De frontlijn werd in de loop der tijd nog verder ontwikkeld. Achter de eerste stelling in de frontlijn werd een tweede stelling tot stand gebracht met dezelfde opbouw van opstellingen, schuilplaatsen en hindernissen. Soms werd daarachter nog een derde stelling gebouwd. Deze reservestellingen waren op een onderlinge afstand van 5 à 6 km van elkaar gesitueerd, zodat de vijand, wanneer hij een stelling had veroverd, zijn artilleriestukken moest verplaatsen om de volgende stelling onder vuur te kunnen nemen.
Deze tweede en eventueel derde stelling lagen daardoor in veel rustiger terreingedeelten dan de voorste stelling in de frontlijn. Bij de aanleg van de stellingen in het achterland kon ook volle aandacht worden besteed aan de aanleg van waarnemingsposten en mitrailleurnesten met mogelijkheden tot het afgeven van flankerend vuur. Normaal waren deze reservestellingen niet bezet, maar er waren wel troepen in de nabijheid gelegerd, die in geval van alarm deze stellingen konden bemannen.

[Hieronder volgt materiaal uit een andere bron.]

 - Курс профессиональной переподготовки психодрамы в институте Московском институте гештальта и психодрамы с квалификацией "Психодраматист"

Aan de vele gevaren die de frontsoldaat bedreigenden werd nog het vliegtuig toegevoegd. De soldaat moest niet alleen onzichtbaar blijven voor de vijand op de grond maar ook voor de vijand vanuit de lucht. De camouflage ontwikkelde zich dan ook als aparte militair specialisatie.

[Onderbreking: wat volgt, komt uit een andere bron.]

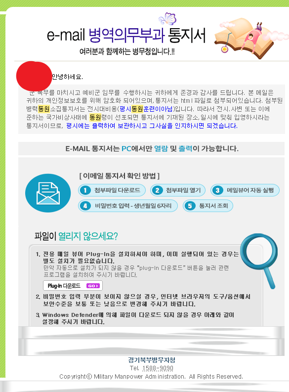 동원할 경우를 대비하여 동원 지정된 예비군에게 미리 보내는 통지서(년초) 로
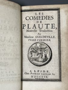 PLAUTE. Les comédies de Plaute, nouvellement traduites en stile libre, naturel et naïf par Mr de Gueudeville. A Leide, chez P. Van der Aa, 1719. 10 volumes in-12, basane havane époque, dos à 5 nerfs, pièces de titre et de tomaison rouges,...
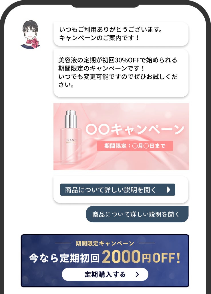 チャットページは会話速度を最適化し、ユーザーの心情に寄り添うことでWeb上でありながら、温かみのある心地よいコミュニケーションを体現します。この体験がユーザーの自発的な意思決定を促し、CV向上のみならず、LTV(顧客生涯価値)改善まで見据えた企業の成長を支援します。
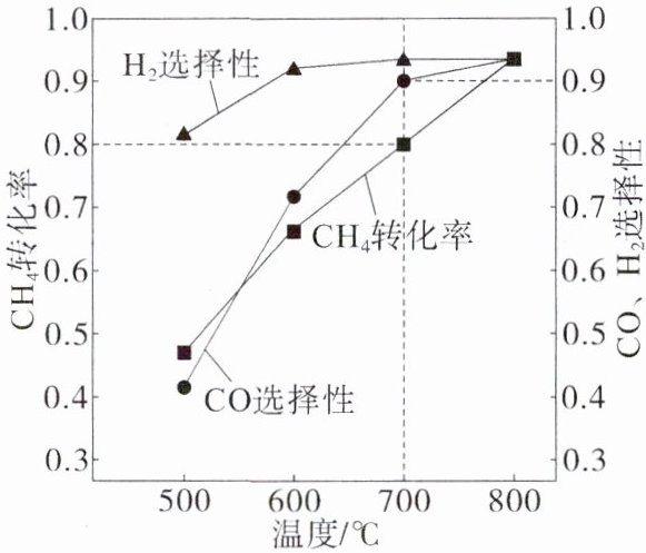 2.C 解析 由图可知,升温CH₄转化率增大,但不管反应是放热还是吸热,没有达到平衡时升温,正反应速率增大相同时间内CH₄转化率都会增大,所以不能判断反应是吸热反应,A错误;在700℃时,CH₄转化率为0.8,所以转化的CH₄为0.8×2mol = 1.6mol,据C守恒可知CO与CO₂共1.6mol,又CO的选择性为0.9,n(CO)=1.6mol×0.9 = 1.44mol,故n(CO₂)=0.16mol,B错误;对比500℃、600℃、700℃图中H₂、CO的选择性,H₂选择性变化较为平缓,CO选择性变化较大,说明还有反应生成H₂和CO,而且化学计量数之比和反应I不同,所以该反应可能是CH₄(g)+H₂O(g)⇌3H₂(g)+CO(g),C正确;800℃时H₂和CO的选择性接近1,说明高温有利于甲烷催化氧化为合成气反应的进行,即高温有利于合成气的生成,D错误。
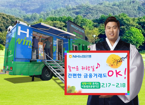 농협은행이 설 명절을 맞아 고향을 방문하는 고객들의 금융편의를 위해 경부고속도로 부산방향 망향휴게소와 중부고속도로 통영방향 이천휴게소에서 오는 17~18일 이틀간 이동점포를 운영한다.
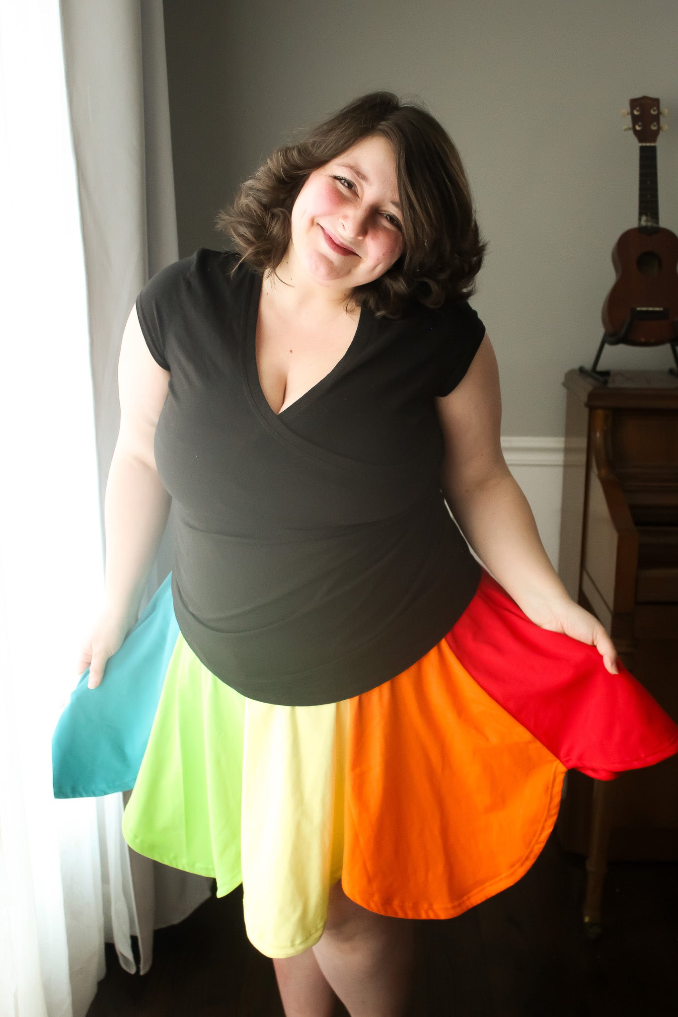 If using a woven fabric, the same principal applies. A lighter fabric (such as rayon challis) will drape and flow, while a more structured woven (quilting cotton, for example), will stand out away from the body.
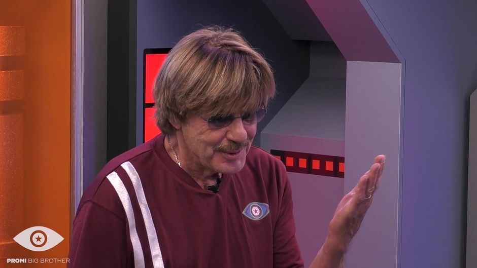 Geschichtenstunde in der "Promi Big Brother"-Raumstation: Jörg Draeger erzählt den völlig gebannten Promis, wie seine Sendung "Geh aufs Ganze!" und der Zonk entstanden.
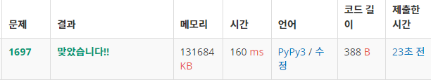 문제링크 https://www.acmicpc.net/problem/11727 11727번: 2×n 타일링 2 2×n 직사각형을 1×2, 2×1과 2×2 타일로 채우는 방법의 수를 구하는 프로그램을 작성하시오. 아래 그림은 2×17 직사각형을 채운 한가지 예이다. www.acmicpc.net 코드 1 2 3 4 5 6 7 8 9 10 11 12 13 import sys input = sys.stdin.readline n = int(input()) d = [0]*1001 d[1]=1 d[2]=3 for i in range(3, n+1): d[i] = (d[i-1] + 2*d[i-2])%10007 print(d[n]) cs Point - 다이나믹프로그래밍으로 접근 Subproblem 만족 & Optimal S..
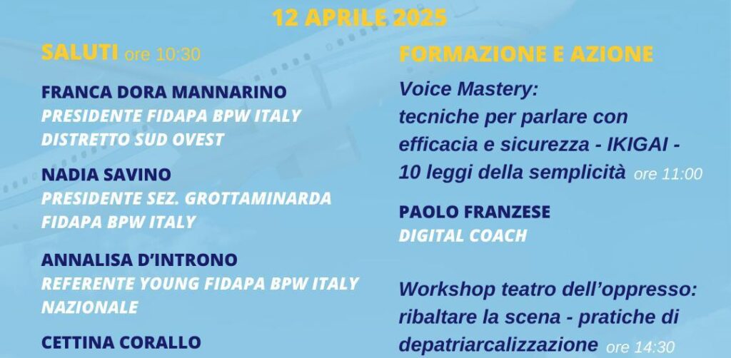 con i saluti Franca Dora Mannarino, Presidente Fidapa Bpw Italy Distretto Sud Ovest, a seguire Rosa Ciampa, Vicepresidente Sez. Grottaminarda Fidapa Bpw Italy, Giancarlo Ruggiero, Sindaco di Mirabella Eclano, Giusy Di Flumeri, Referente Young Fidapa Bpw Italy Distretto Sud Ovest, Ilaria Minichiello, Referente Young Sez. Grottaminarda Fidapa Bpw Italy, Rosaria Bruno, Vice Presidente Commissione Pari Opportunità del Consiglio Regionale della Regione Campania; modera Nadia Savino, Presidente Sez. Grottaminarda Fidapa Bpw Italy.
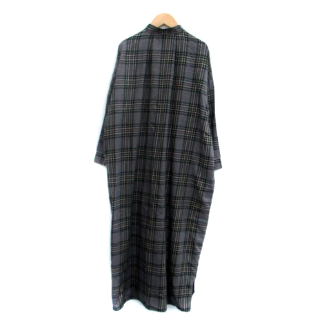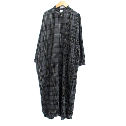 アーバンリサーチ ドアーズ シャツワンピース バンドカラー 長袖 ロング丈 チェック柄 ONE マルチカラー チャコールグレー レディース

Camouflagemaatregelen moesten telkens opnieuw aan het jaargetijde worden aangepast. Ook werden schijnstellingen en schijngeschut (van
hout en soms van karton) in de linies opgenomen om de vijandelijke luchtwaarneming te misleiden.
Daarnaast werd vanaf 1915 verschillende soorten gifgassen toegepast als strijdwapen. Het antwoord hierop was het gasmasker en gasbeschermende kleding voor de individuele soldaat en de met neutraliserende vloeistoffen geïmpregneerde gasgordijnen met gassluizen voor de
ingangen van de onderkomens in de linies.